Declaration expressions and declaration promotion #1420

Open lrhn opened 3 years ago

lrhn commented 3 years ago

Edit 2021-11-24 - Restructure, move "maybe we can also" parts into separate section.


This is inspired by #1091, #1201 and #1210, but is slightly different in approach/scope.

We have an issue with promotion of instance members (or any non-local variable in general). The #1091 approach is to do a binding at the promotion point. The #1201 approach is to introduce new variables in tests (but do it implicitly in some cases), and #1210 introduces new variables with a new syntax (and also potentially implicitly).

This is a proposal for two features which takes some of #1201 and #1210, but do not introduce any names implicitly, and where the binding can be used independently of the need to promote the variable.

Feature: Assignment Promotion

(Note: discussed in https://github.com/dart-lang/language/issues/1844)

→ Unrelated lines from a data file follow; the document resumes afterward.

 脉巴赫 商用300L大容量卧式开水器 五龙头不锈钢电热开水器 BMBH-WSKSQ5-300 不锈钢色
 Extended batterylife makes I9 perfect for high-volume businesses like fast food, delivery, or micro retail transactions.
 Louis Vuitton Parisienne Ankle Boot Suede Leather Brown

First, allow a local variable assignment of the form id assignmentOp expression (potentially parenthesized) to act like the variable itself, when used in a test. We currently allow if (x != null) ... to promote x. This change would also allow if ((x = something) != null) ... to promote x.

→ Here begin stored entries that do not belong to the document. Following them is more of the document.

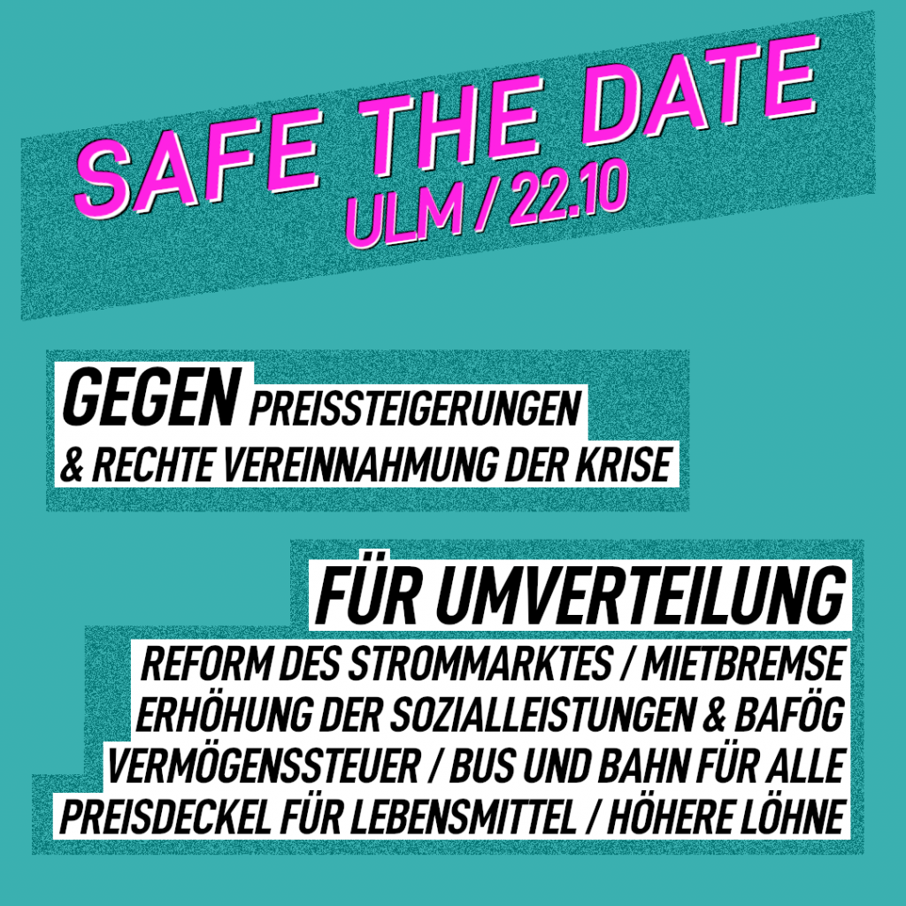 „Mit 50-80 Leuten haben wir heute linke Perspektiven zu den Preissteigerungen auf die Straße getragen und gleichzeitig der rechten Vereinnahmung durch eine Querdenken Kundgebung widersprochen. Klein aber fein ist unser Fazit – laut und mit viel Zustimmung sind wir durch die Ulmer Innenstadt gezogen. In den Redebeiträgen haben wir soziale und öklogische Antworten beleuchtet – Danke an alle die mit auf die Straße gekommen sind. PS: Die Querdenken Veranstaltung hatte 1000 Leute erwartet, tatsächlich waren es keine 100.“
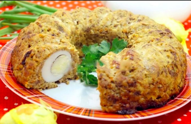 - We boil the remaining five eggs hard and after cooking we peel them cold. We prepare a baking dish (like for a bundt cake) and grease it with oil. Then we press some of the mixture into the bottom and arrange the cooked eggs around it. Next we cover them with the remaining mixture, level it and finally brush with oil.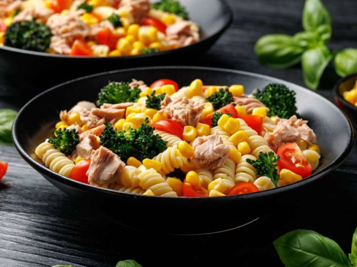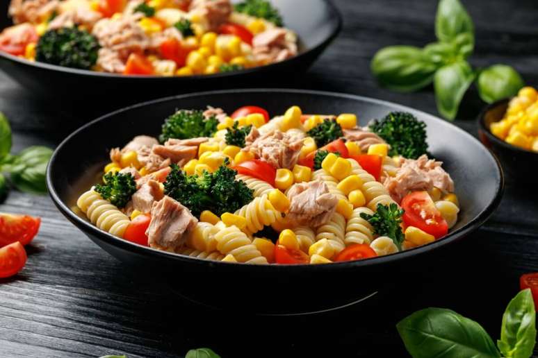 4. Salada de macarrão com atum, brócolis e milho-verde
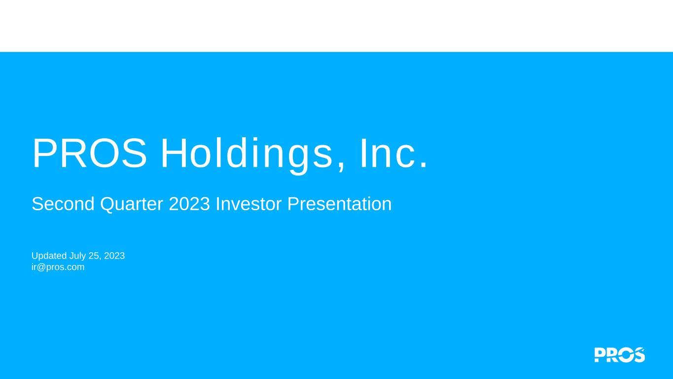 PROS Holdings, Inc. Second Quarter 2023 Investor Presentation Updated July 25, 2023 ir@pros.com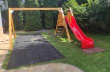 Jako vhodný tlumivý povrch doporučujeme dopadové desky Grass , které jsou jednoduché na instalaci i vlastní údržbu a zároveň chrání trávník pod hřištěm proti vyšlapání. Pro houpačku Single je zapotřebí min 14,4 m2 dopadové plochy.

It only affects the left-most variable of an assignment, so if ((x = y = something) != null) ... will only promote x, not both x and y (although that's also an option if we really want it - treat both x and the assigned expression as being tested)

If you do if ((x += 1) != null) ... that still works, but there aren't that many operators which return a nullable result, so the usefulness is limited.

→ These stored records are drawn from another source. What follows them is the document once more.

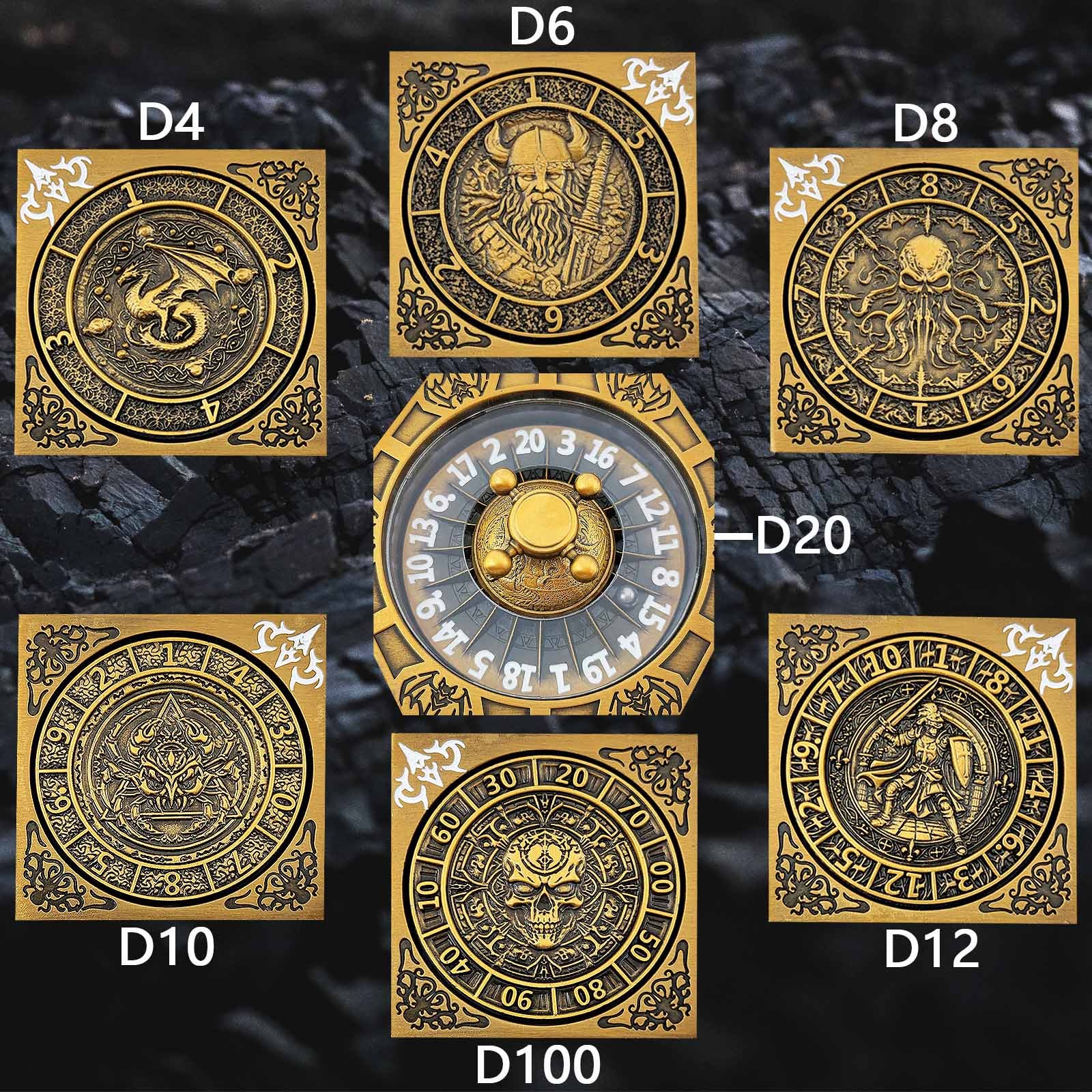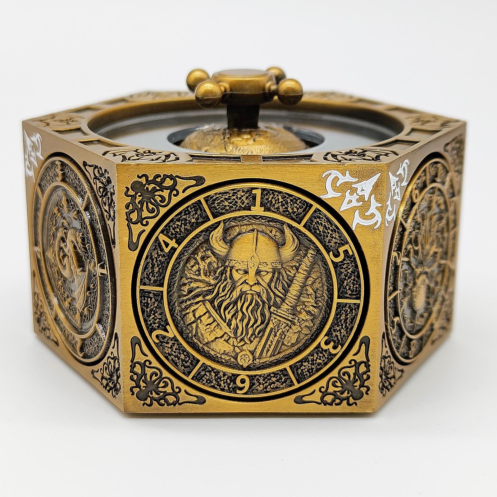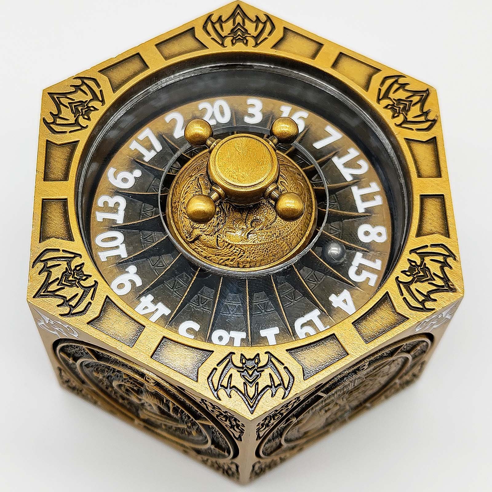 The Ancient Gold Mechanical Spinner Dice is a legendary artifact for your D&D or Pathfinder sessions. The hand-polished, vintage gold finish highlights every micro-detail of the 3D reliefs, making it the perfect centerpiece for any collector.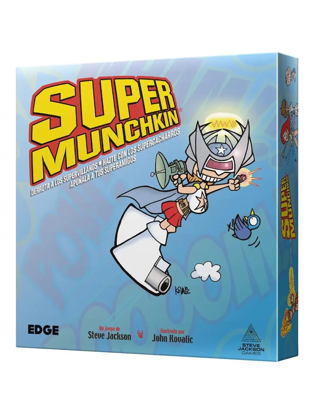 Al principio sólo era un joven y sencillo juego de Munchkin. Pero un día fueafectado por unas extrañas energías, mordido por un chihuahua radioactivo ytocó una estatua ancestral. ¡Y ahora se enfrenta a sus enemigos, luchandopor Niveles, Tesoros y el modo de vida Munchkin!Sé un Mutante, Exótico, Místico o Tecnificado superheroico, acumula Poderescomo Estirabilidad, Brutal Eructo Cervecero o el clásico Tirar Rayos por losOjos, lucha contra temibles supervillanos como El Hombre Miniatura, ElPeluche Satánico, o Nuestro Viejo Amigo el Devorador de Planetas, y LLÉVATESUS COSAS.Con la ayuda de objetos como las Botas del Calibre .50 o la Licencia deDemolición y de alguno de esos lamentables Compinches que siempre teacompañan, ningún enemigo podrá detenerte.Super Munchkin es un juego completo. Presenta por primera vez losPoderes, con sus correspondientes (y ridículos) Orígenes, pero siguesiendo compatible con toda la línea Munchkin.FICHA TÉCNICA:Título: Super Munchkin Nueva EdiciónFecha de lanzamiento: 19/07/2019Editorial: Edge EntertainmentCategoría : Juego de CartasColección: MunchkinIdioma: EspañolEdad mínima recomendada: 14 añosDuración: 30-60'Número de jugadores: 2 a 6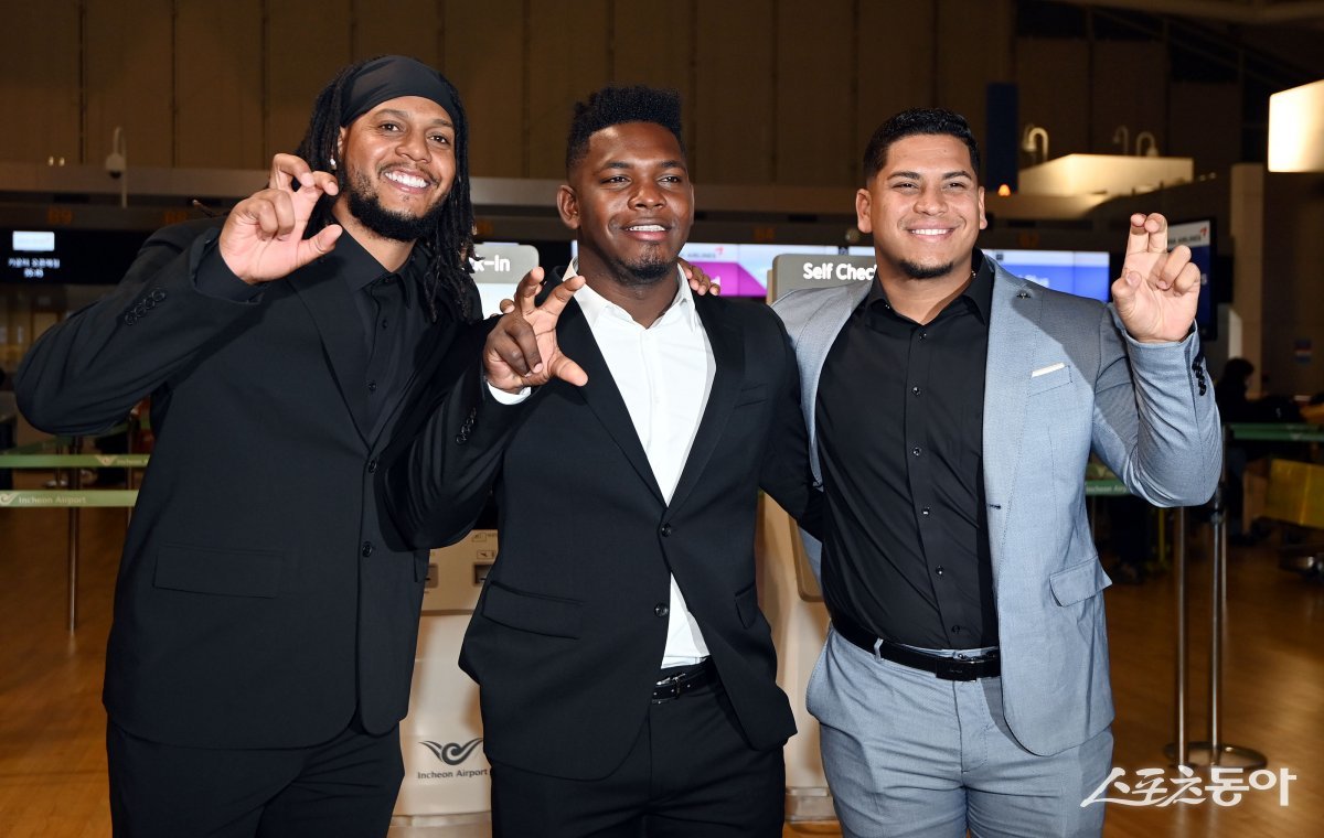 프로야구 한화 이글스가 30일 인천국제공항을 통해 스프링캠프 훈련지인 호주로 출국했다. 한화 페냐, 페라자, 산체스가 포즈를 취하고 있다.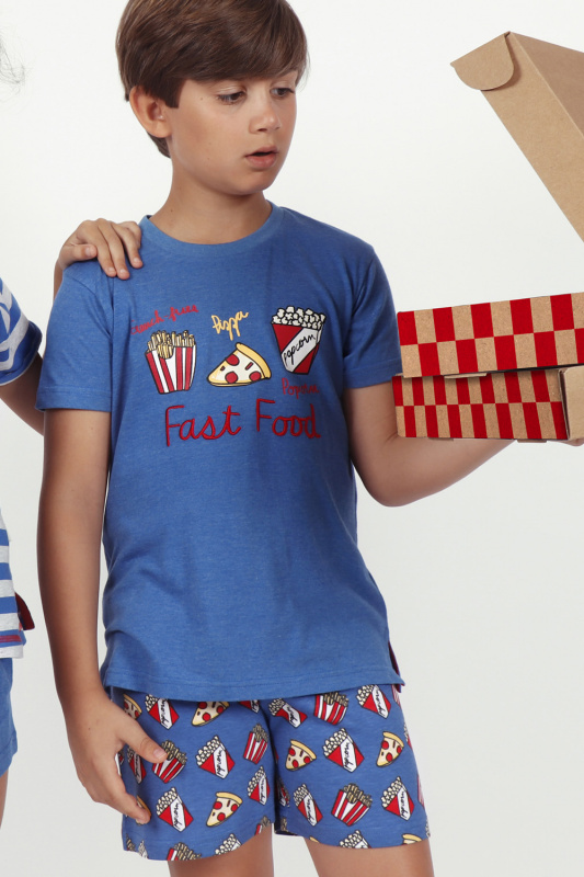 Футболка с округлым вырезом горловины и бейкой в тон. Декорирована апликацией и вышивкой Fast Food. Небольшие боковые разрезы. Принтованные шорты с поясом на резинке.

This is a very small feature, but it allows you to do “field promotion” as:

int? c;
if ((c = this.capacity) != null) { ... use(c)... }

Feature: Variable declaration expression

Allow var x = e and final x = e as expressions. No types, only var and final. Must have an “initializer expression”.

The expression introduces a new variable named x in the current block scope, and it’s a compile-time error to refer to that variable prior to its declaration.

For statement-level declarations, the “prior to declaration” is anything prior to the source location of the declaration. For a declaration with an initializer expression, that’s equivalent to hoisting the declaration to the top of the current scope block, but keeping the assignment at the original declaration point, and saying you must not refer to the variable where it’s not definitely assigned.

These expression variables, which must have initializer expressions, has the same behavior:

For type inference, the context type of the declaration becomes the context type of the RHS, the static type of the RHS becomes the declared type of the variable.

The construct is an <expression>:

<expression> ::= (`var'|`final') <identifier> `=' <expression> | …

An <expressionsStatement> expression also cannot start with final or var, just like it currently cannot start with {.

The new constructs, being <expression>s, need to be parenthesized in most places, including before an is check, but also that it can contain any expression as a RHS, including a cascade.

Usage

This feature can introduce a variable at the first point where you need its value, rather than having to go back and declare it further up, even though that’s effectively what it does.

If you have an expression where a sub-expression is repeated twice, you can name it the first time, and then refer to that name the second time:

foo(v.property.name, v.property.value);

Can become:

foo((var p = v.property).name, p.value);

The variable declaration works anywhere there is a surrounding scope (which is any expression), even if you can’t normally have statement-level variable declarations there.

As opposed to let x = e1 in e2-like constructs, where the scope is only e2, the variable uses the same scoping as other local variables, which is “until the end of the current scope”. Because of that, it can also be used where the expressions do not share a common (or at least not close) parent expression, like lists (potentially deeply nested inside another expression):

var list = [1, 2, var x = compute(), 3, x];
fooWithArgumentList(1, 2, var x = compute(), 3, x);

or where we can’t technically have variable declarations, like initializer lists:

class C<T> {
  final StreamController<T> controller;
  final Stream<T> stream;
  C() : controller = (var c = StreamController()), stream = c.stream;
}

(which would currently be implemented using an extra helper constructor), or => function bodies:

BTree<T> buildDag<T>(int depth, T leafValue) => 
   depth == 0 
      ? BTree.leaf(leafValue) 
      : BTree.node(var dag = buildDag(depth - 1, leafValue), dag);

(where we would currently use a {} body to be able to declare the variable up-front.)

Promotion

The var id = e or final id = e counts as assignments for assignment promotion (above), so if ((var c = this.capacity) != null) { ... } would both read capacity into a local variable, then promote that local variable to non-null if possible.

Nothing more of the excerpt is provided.